2. What is the purpose of the Elbow Method in KMeans clustering?
3. How does one-hot encoding differ from label encoding, and when should each be used?
4. Explain how underfitting can be identified during model evaluation.
5. Describe a scenario where overfitting might occur and how you could prevent it.

## Conclusion
This notebook demonstrated the use of KMeans clustering to group diamonds based on different features. We visualized clusters and explored evaluation techniques like the Elbow Method to determine the optimal number of clusters. Additionally, we explained underfitting and overfitting using visual examples. These concepts and techniques are crucial for building effective machine learning models.

### Additional Advanced Section

**Explanation**
- PCA: PCA transforms the data into a lower-dimensional space while retaining the most variance (information). In this case, we'll reduce the dataset to two components and then plot the clusters.
- This method helps declutter the scatter plot and gives a clearer visual representation of the clusters.

In [None]:
from sklearn.decomposition import PCA

# Apply PCA to reduce dimensions to 2
pca = PCA(n_components=2)
pca_components = pca.fit_transform(diamonds_encoded.drop('cluster', axis=1))

# Create a new DataFrame with PCA components
pca_df = pd.DataFrame(data=pca_components, columns=['PCA1', 'PCA2'])
pca_df['cluster'] = diamonds_encoded['cluster']
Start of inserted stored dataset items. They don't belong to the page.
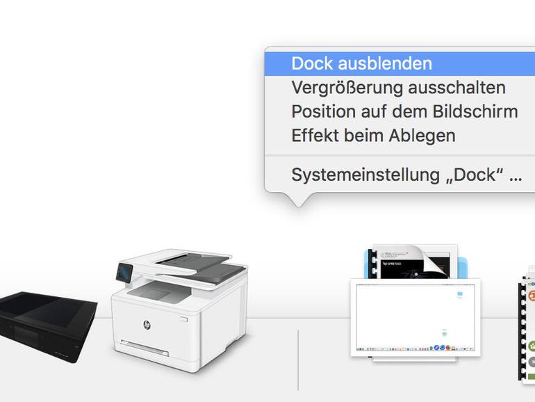 (Bild: Screenshot) Bei Bedarf können Sie das Dock automatisch ausblenden lassen. Klicken Sie dazu mit der sekundären Maustaste (Rechtsklick) auf die Trennlinie rechts im Dock und wählen Sie den Eintrag „Dock ausblenden“.
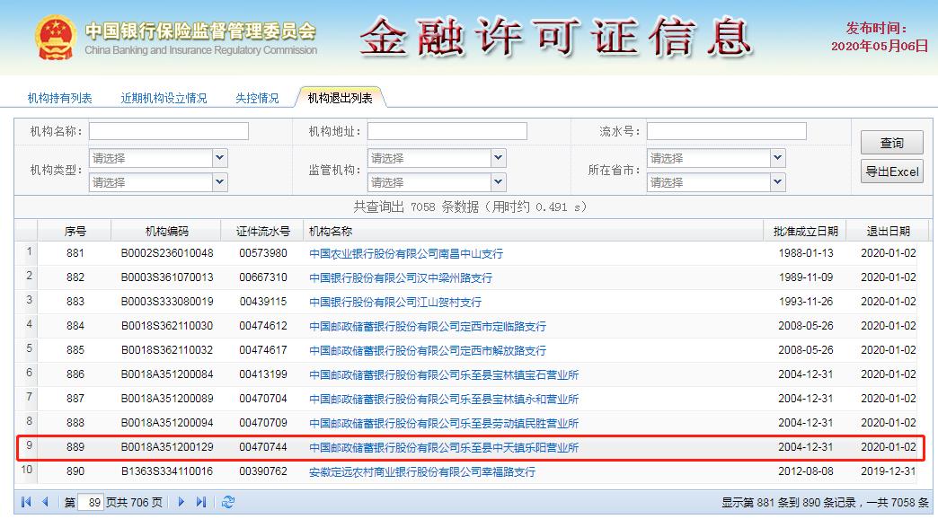 银保监会官网披露金融许可信息显示,2020年以来,已有889家银行支行或营业所终止营业。在终止营业的网点中,有236家属于重组中银行的网点。中新经纬客户端注意到,“六大行”关门的网点共283家,占比超3成。其中农业银行共85家,邮储银行共49家,交通银行共41家,建设银行共40家,工商银行共36家,中国银行共32家。
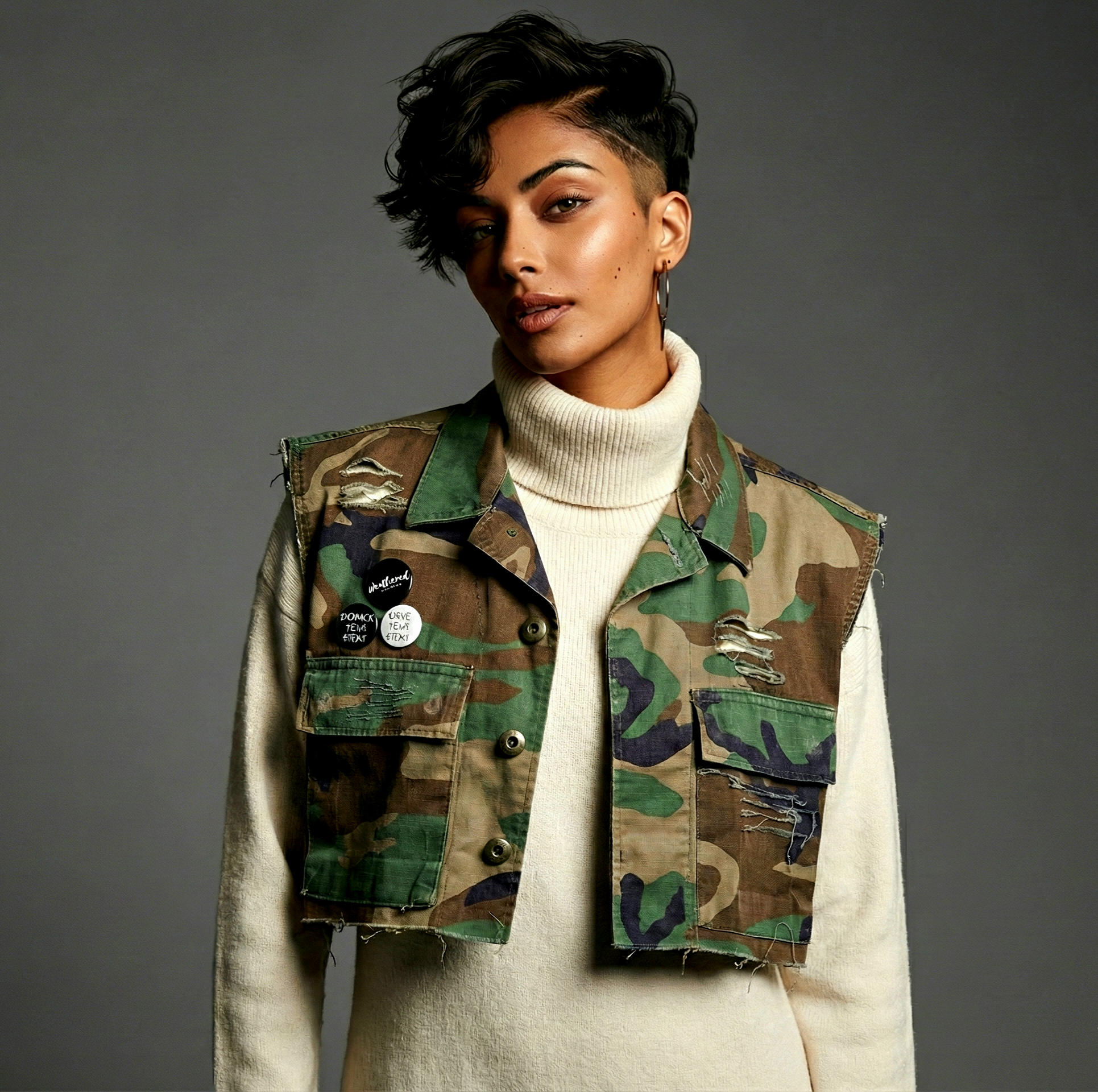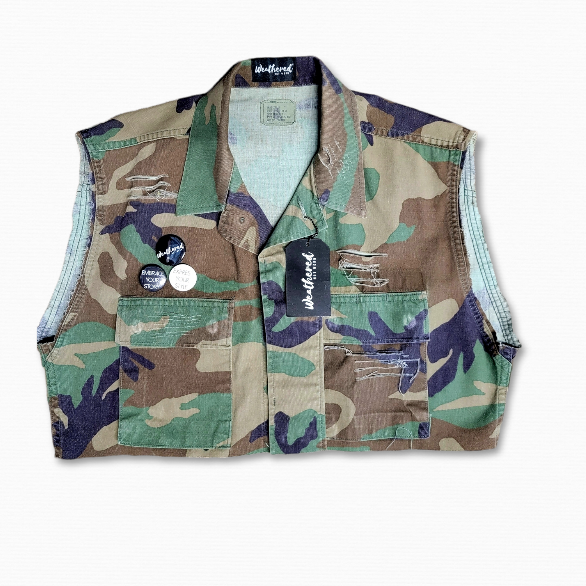 Bring a bold, one-of-a-kind vibe to your wardrobe with this cropped camo vest made from authentic military fatigues. Each piece is uniquely weathered, telling its own story of strength and resilience. Some may feature original patches or insignias from their past life in service, while others come clean—equally powerful in their simplicity. No two are the same. WNW buttons included for a signature finish.
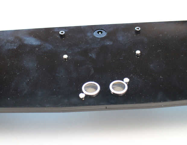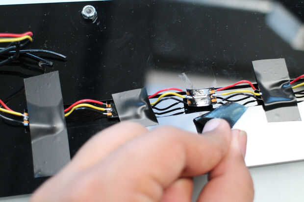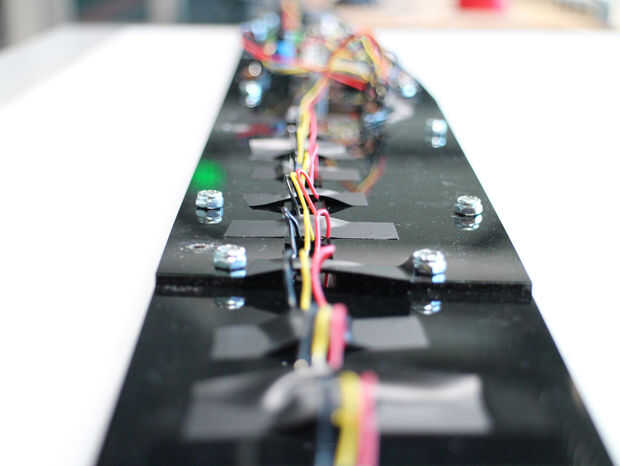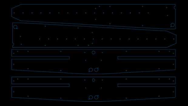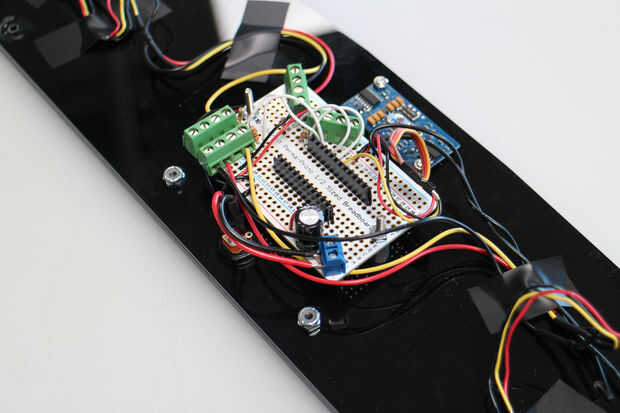 Diseñé la cabecera en Adobe Illustrator y corte de acrílico de 3 mm con un cortador láser. Los archivos fueron hechos para caber un láser con una cama amplia de tres pies. Sin embargo, es necesario utilizar un cortador láser. Simplemente quería tener agujeros poco triangulares frente a cada led en vez de la típica cara redonda. La cabecera consta de tres capas principales, una placa, medianas dos "alas" para los LEDs y una placa de base; éstos se intercalan con tornillos 6-32. El proto-board y el circuito de montaje a la parte posterior para una cara limpia. Cuatro varillas con espiga cuadrada 18" se enroscan en la placa posterior en orden de la unidad para descansar en un estante, pero podría substituir con clavos o ganchos si se desea que la unidad colgada en una pared posterior.

# Plot the clusters based on PCA components
plt.figure(figsize=(10, 6))
sns.scatterplot(x='PCA1', y='PCA2', hue='cluster', data=pca_df, palette='viridis', alpha=0.6)
plt.title('Clusters of Diamonds (PCA Reduced Dimensions)')
plt.xlabel('Principal Component 1')
plt.ylabel('Principal Component 2')
plt.legend(title='Cluster')
plt.show()


### How It Works:
- PCA Transformation: The PCA object reduces the dataset dimensions to 2, retaining the maximum variance.
- DataFrame Creation: A new DataFrame is created to hold the principal components (PCA1 and PCA2) and the cluster labels.
- Scatter Plot: The clusters are visualized in the reduced 2D space, making it less cluttered and easier to interpret.


This visualization method helps you observe clear separation (or overlap) between clusters without the clutter of the original multi-dimensional space.